Comme dans le cas de Game of Thrones, quand adaptation il y a, l’éternelle question de savoir s’il faut rester fidèle à l’oeuvre originale ou s’en éloigner pour offrir plus de suspense divise. Pour ne pas trop brusquer les fans, The Walking Dead opte pour une formule mixte. Un peu de nouveau, un peu d’ancien: et paf, ça fait des Chocapics… Euh, non, des morts-vivants. De quoi se libérer un poil des contraintes d’un terreau narratif extrêmement riche. Quitte à gommer quelques ingrédients. « La série télé paraît déjà gore, comme ça, mais les comics se situent bien plus haut dans l’échelle du trash », complète Julien. « Des aspérités qui ajoutent au suspense de la saga, que l’on ne retrouve plus du tout à la télé, comme le viol et le suicide. Comme si c’était tabou. » Et pourtant, ce qui intéresse dans Walking Dead en version télé, loin devant les bouts de corps qui avancent de travers en rugissant, c’est surtout l’interaction du groupe de survivants. Leur capacité à se réinventer, au fil des saisons, passant d’humains civilisés à mercenaires sanguinaires, d’imaginer les pires horreurs pour s’offrir quelques minutes de vie en plus dans un dédale bouleversant de panique, de lucidité et d’esprit de sacrifice. Impossible, dans ce cas de figure, de ne pas se poser la question: et nous, téléspectateur, on serait capable de quoi pour survivre?

« Cette réserve face au suicide de Carol, par exemple, qui se jette d’elle-même aux morts-vivants dans les livres alors qu’on la montre comme une tueuse sanguinaire dans la série, pose des limites », ajoute Julien. « Cela réduit le champ du développement psychologique des personnages qui peuvent se montrer faibles, aussi. Plus brisés qu’on ne le croit, d’un autre côté, par d’autres formes de violence comme le viol que subit Michonne, la samouraï, qui est complètement occulté à la télé. »

Même schéma, du côté de Rick, qui n’a plus qu’une seule main dans les comics, alors que son fils survit après s’être pris une balle dans la tête et que l’un des grands méchants, Le Gouverneur, s’affiche bien pire en dessin. Edulcorant un brin le fait que dans The Walking Dead, c’est bien de l’homme dont il faut se méfier.
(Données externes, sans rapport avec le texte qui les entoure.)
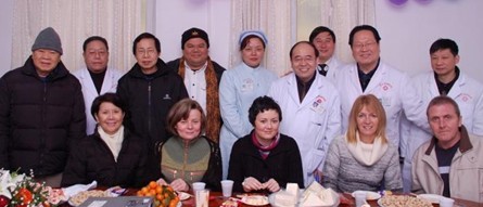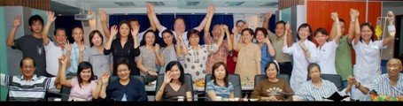 穿着统一“PVF”服装的菲律宾复大志愿者、患者和作者、我院医生聚会来自欧洲的患者和作者在一起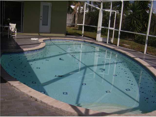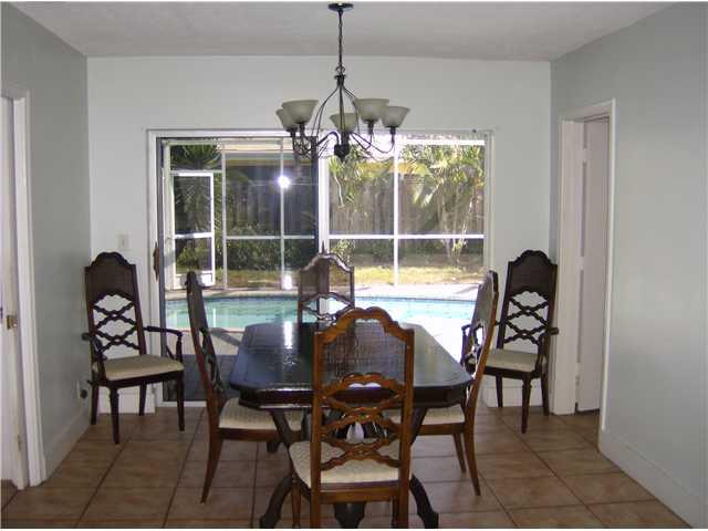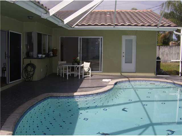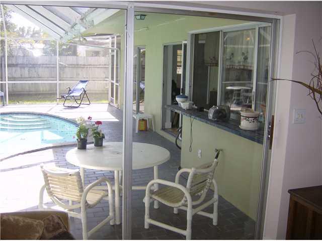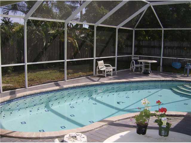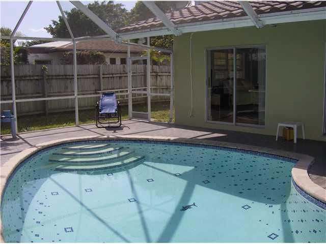Beautiful 3 bedroom 2 bath pool home located in great east of federal hwy neighborhood. This home has almost 1700 sq ft under air, large living and dining areas and kitchen opens to family room. Sparkling kidney shaped pool with screen enclosure and caban a style bath that leads back in to home. 3 sliding doors and a pass-thru window from kitchen also compliment the relaxing pool area. This home sits on an 8000 sq ft lot that is fully fenced and has a 2 car garage and circular drive..

Un fil rouge que l’on retrouve – heureusement – lors d’une cinquième saison forte en pourritures. Un retour vers les racines noueuses de la série avec l’arrivée d’un nouveau Grand Méchant loup, vu le nombre de zombies marqués du W de Wolf que l’on a entraperçus jusqu’ici. Ceci dit, soyez prévenus: le créateur de la saga, Robert Kirkman, a annoncé que la sixième saison allait encore un peu différer de ses livres. Quitte à ajouter, encore de nouveaux personnages, comme Daryl qui n’existe pas dans la B.D.? Dans ce cas là, on ne peut pas parler d’infidélité envers le comic book. Comme aime à le rappeler Kirkman, il s’agit plutôt d’améliorations, qui ne déforcent en rien la morale de son histoire de zombies: « Profitez du moment présent ». On vous jure.